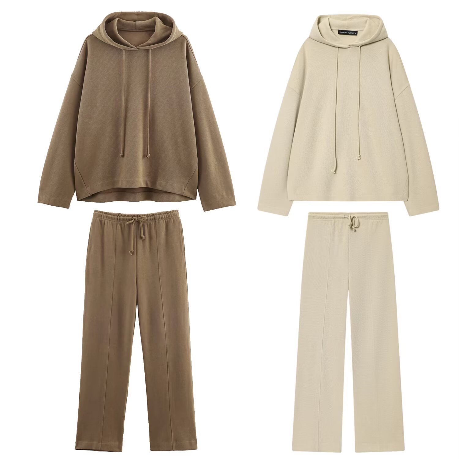 跨境外贸女装2025秋季欧美风连帽长袖卫衣+卫裤套装女E490301/2
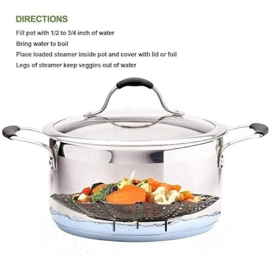 Vegetable Steamer Basket, Premium Stainless Steel Veggie Steamer Basket - Folding Expandable Steamers to Fits Various Size Pot (Round_6.5in)
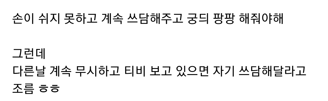 It’s cute….ㅋㅋㅋ My cats come next to me when I’m lying down and ask for more if I stroke my head, but it’s so cute that I can’t sleep.
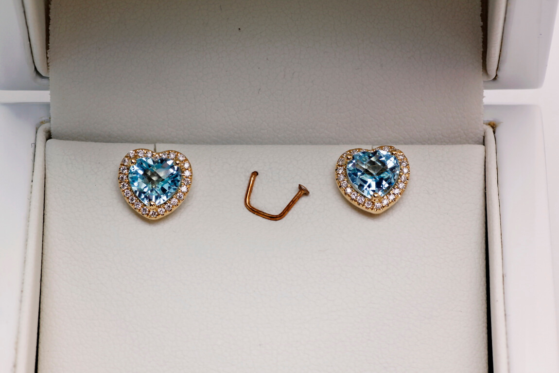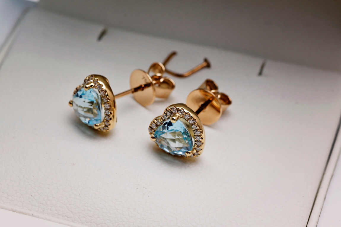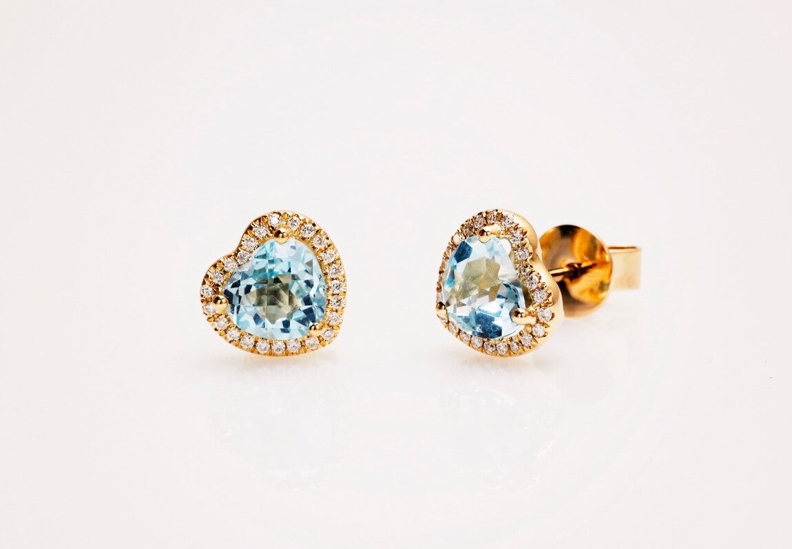 Exclusive | Złote 18-karatowe brylantowe kolczyki serca z topazami
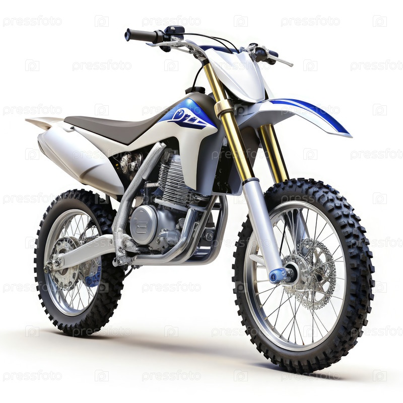 Мотоцикл мотокросса на белом фоне, демонстрирующий особенности внедорожного дизайна
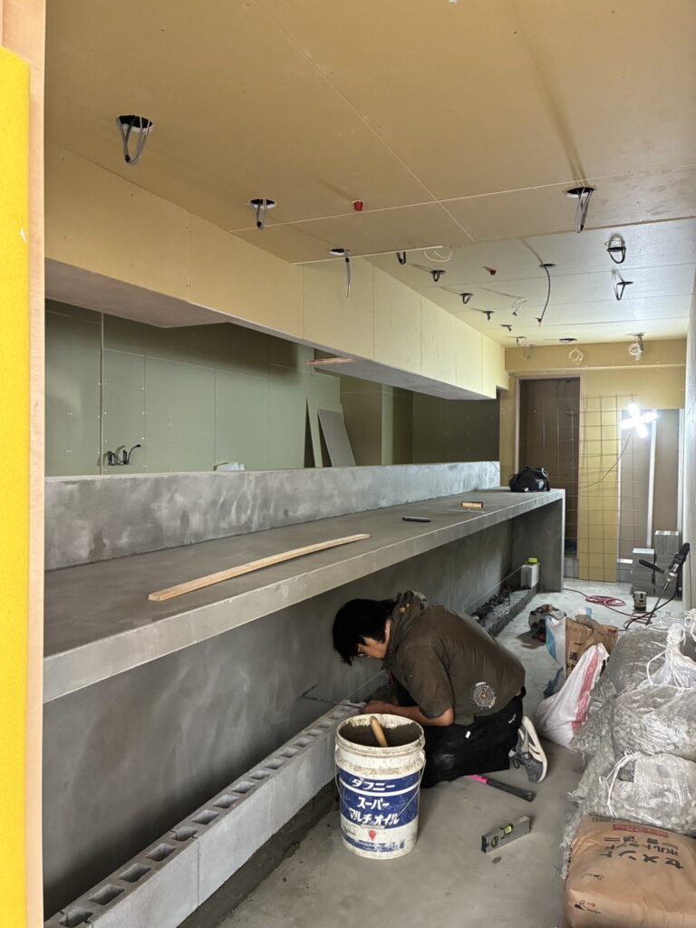 そしてメインのカウンターモルタル仕上げ。
#####
Above are the records; copy them exactly without the pictures.

 跨境外贸女装2025秋季欧美风连帽长袖卫衣+卫裤套装女E490301/2
 Vegetable Steamer Basket, Premium Stainless Steel Veggie Steamer Basket - Folding Expandable Steamers to Fits Various Size Pot (Round_6.5in)
 It’s cute….ㅋㅋㅋ My cats come next to me when I’m lying down and ask for more if I stroke my head, but it’s so cute that I can’t sleep.
 Exclusive | Złote 18-karatowe brylantowe kolczyki serca z topazami
 Мотоцикл мотокросса на белом фоне, демонстрирующий особенности внедорожного дизайна
 そしてメインのカウンターモルタル仕上げ。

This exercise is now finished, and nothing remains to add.